Улица кончилась, я поднял глаза од грязного снега и увидел эшафот. Он был как чёрный остров в зыбком море толпы, он зачёркивал площадь, он осквернял город, он позорил мир.
Ирсал орудовал локтями; я шёл за ним, нас молча толкали в ответ; мелькнуло знакомое лицо — я, кажется, видел его на суде? — отстало, спряталось среди толпы.
Только цепь стражников была впереди: красные лица, частокол пик — и эшафот.
Я не мог на него глядеть. Бессильное бешенство: почему это есть? Разбить, разметать, разогнать — и пусть такого не будет! Вот он, мой враг — эта слепая сила, перемалывающая жизни ради чьих-то крохотных целей. Опять мы лицом к лицу, и мне некуда деться. Но теперь я не убегу. Я буду драться с ним, до последней капли крови, сдохну, но не признаю, что так и должно быть…

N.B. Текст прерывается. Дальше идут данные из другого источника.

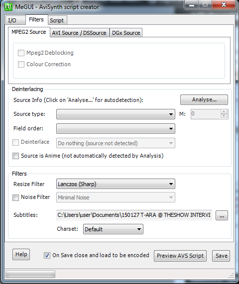 Despite this, the subtitles don't show up when I click "Preview AVS Script" because there isn't a line in the script that inputs the subtitles right? I've tried TextSub() but it says "There is no function named TextSub." -

— Ведут! Ведут! — загудело в толпе, она задвигалась, и я увидел осуждённых. Между двумя рядами солдат они двигались к эшафоту. Первою шла Ваора. Нет, не шла. Её волокли под руки два здоровенных попа, а следом вторая пара тащила мужчину. Они исчезли за чёрною глыбой, а когда появились на эшафоте, я ухватился за Ирсала. Не Ваора это была! Не могла быт Ваорой эта старуха! Нечёсаные космы скрывали её лицо, и что-то вроде надежды — а вдруг?
Их подвели к столбам и отпустили. Мужчина упал на колени, а она — Ваора! — пошатнулась, но выпрямилась, мягким женственным движением убрала волосы с лица. Четыре палача в суконных масках засуетились, привязывая их к столбам.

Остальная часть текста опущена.